> _Aim of the task_
Here is the task for the listing below: output exactly the lines from the one containing "Враховуючи безпекову ситуацію" through the one containing "純糧固態(tài)白酒認(rèn)證是聯", and leave out the pictures.

> _Records for the exercise_
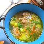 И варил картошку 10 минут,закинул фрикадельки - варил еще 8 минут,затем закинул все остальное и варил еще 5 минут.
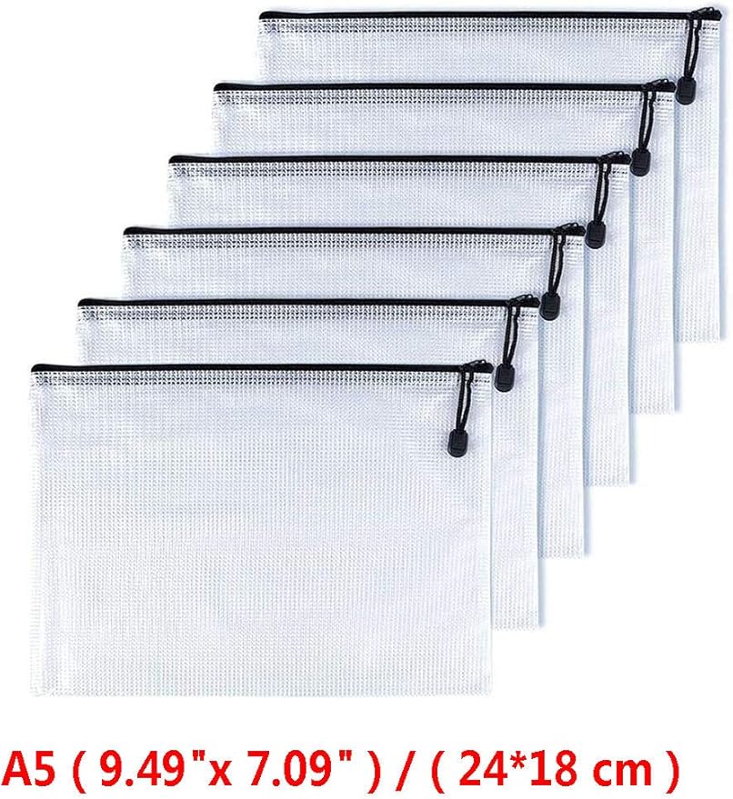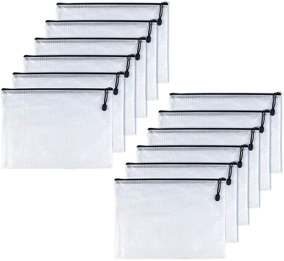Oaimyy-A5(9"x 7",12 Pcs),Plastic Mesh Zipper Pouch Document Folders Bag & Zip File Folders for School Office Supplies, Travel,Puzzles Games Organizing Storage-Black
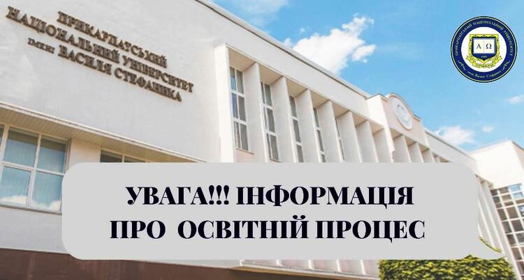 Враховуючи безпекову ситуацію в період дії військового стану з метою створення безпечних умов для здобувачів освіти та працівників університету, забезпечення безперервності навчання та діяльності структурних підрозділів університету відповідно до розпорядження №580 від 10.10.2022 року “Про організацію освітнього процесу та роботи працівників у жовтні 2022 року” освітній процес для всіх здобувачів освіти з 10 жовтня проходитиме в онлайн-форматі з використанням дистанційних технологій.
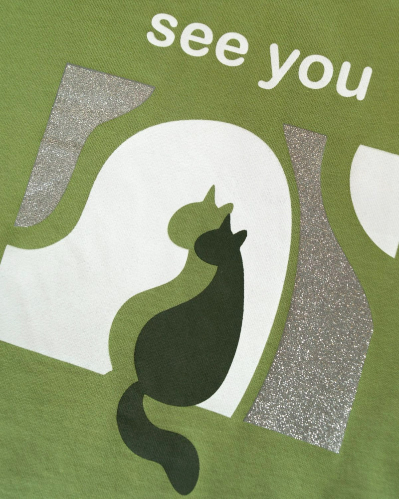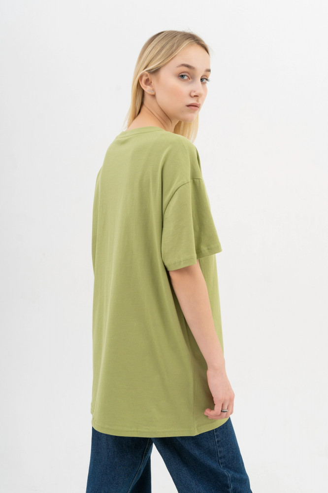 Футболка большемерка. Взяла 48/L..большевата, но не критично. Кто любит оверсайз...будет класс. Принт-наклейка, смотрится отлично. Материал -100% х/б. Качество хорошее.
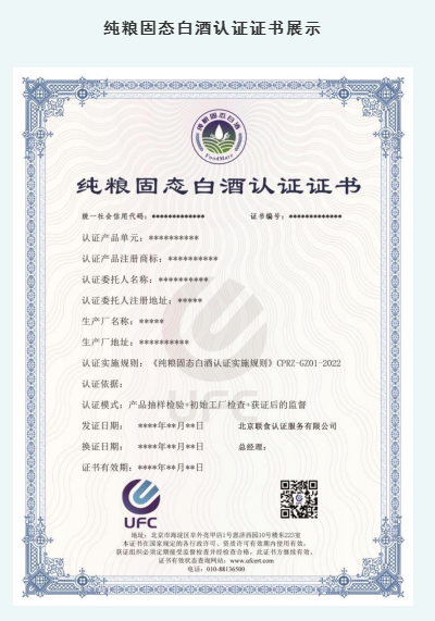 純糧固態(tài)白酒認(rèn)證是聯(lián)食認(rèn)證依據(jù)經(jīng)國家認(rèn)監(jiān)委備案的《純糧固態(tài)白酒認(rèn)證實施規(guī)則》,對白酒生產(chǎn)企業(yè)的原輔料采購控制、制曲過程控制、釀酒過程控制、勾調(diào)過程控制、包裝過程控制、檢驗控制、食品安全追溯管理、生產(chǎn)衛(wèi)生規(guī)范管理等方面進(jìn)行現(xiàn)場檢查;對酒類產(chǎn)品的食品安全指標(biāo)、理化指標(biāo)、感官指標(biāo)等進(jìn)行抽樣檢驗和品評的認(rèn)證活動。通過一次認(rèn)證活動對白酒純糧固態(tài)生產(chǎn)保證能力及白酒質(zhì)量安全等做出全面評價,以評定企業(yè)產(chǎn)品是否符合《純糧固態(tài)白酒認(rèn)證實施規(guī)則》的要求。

--

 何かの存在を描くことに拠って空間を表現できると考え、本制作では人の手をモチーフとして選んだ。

> _Completed task_
 Враховуючи безпекову ситуацію в період дії військового стану з метою створення безпечних умов для здобувачів освіти та працівників університету, забезпечення безперервності навчання та діяльності структурних підрозділів університету відповідно до розпорядження №580 від 10.10.2022 року “Про організацію освітнього процесу та роботи працівників у жовтні 2022 року” освітній процес для всіх здобувачів освіти з 10 жовтня проходитиме в онлайн-форматі з використанням дистанційних технологій.
 Футболка большемерка. Взяла 48/L..большевата, но не критично. Кто любит оверсайз...будет класс. Принт-наклейка, смотрится отлично. Материал -100% х/б. Качество хорошее.
 純糧固態(tài)白酒認(rèn)證是聯(lián)食認(rèn)證依據(jù)經(jīng)國家認(rèn)監(jiān)委備案的《純糧固態(tài)白酒認(rèn)證實施規(guī)則》,對白酒生產(chǎn)企業(yè)的原輔料采購控制、制曲過程控制、釀酒過程控制、勾調(diào)過程控制、包裝過程控制、檢驗控制、食品安全追溯管理、生產(chǎn)衛(wèi)生規(guī)范管理等方面進(jìn)行現(xiàn)場檢查;對酒類產(chǎn)品的食品安全指標(biāo)、理化指標(biāo)、感官指標(biāo)等進(jìn)行抽樣檢驗和品評的認(rèn)證活動。通過一次認(rèn)證活動對白酒純糧固態(tài)生產(chǎn)保證能力及白酒質(zhì)量安全等做出全面評價,以評定企業(yè)產(chǎn)品是否符合《純糧固態(tài)白酒認(rèn)證實施規(guī)則》的要求。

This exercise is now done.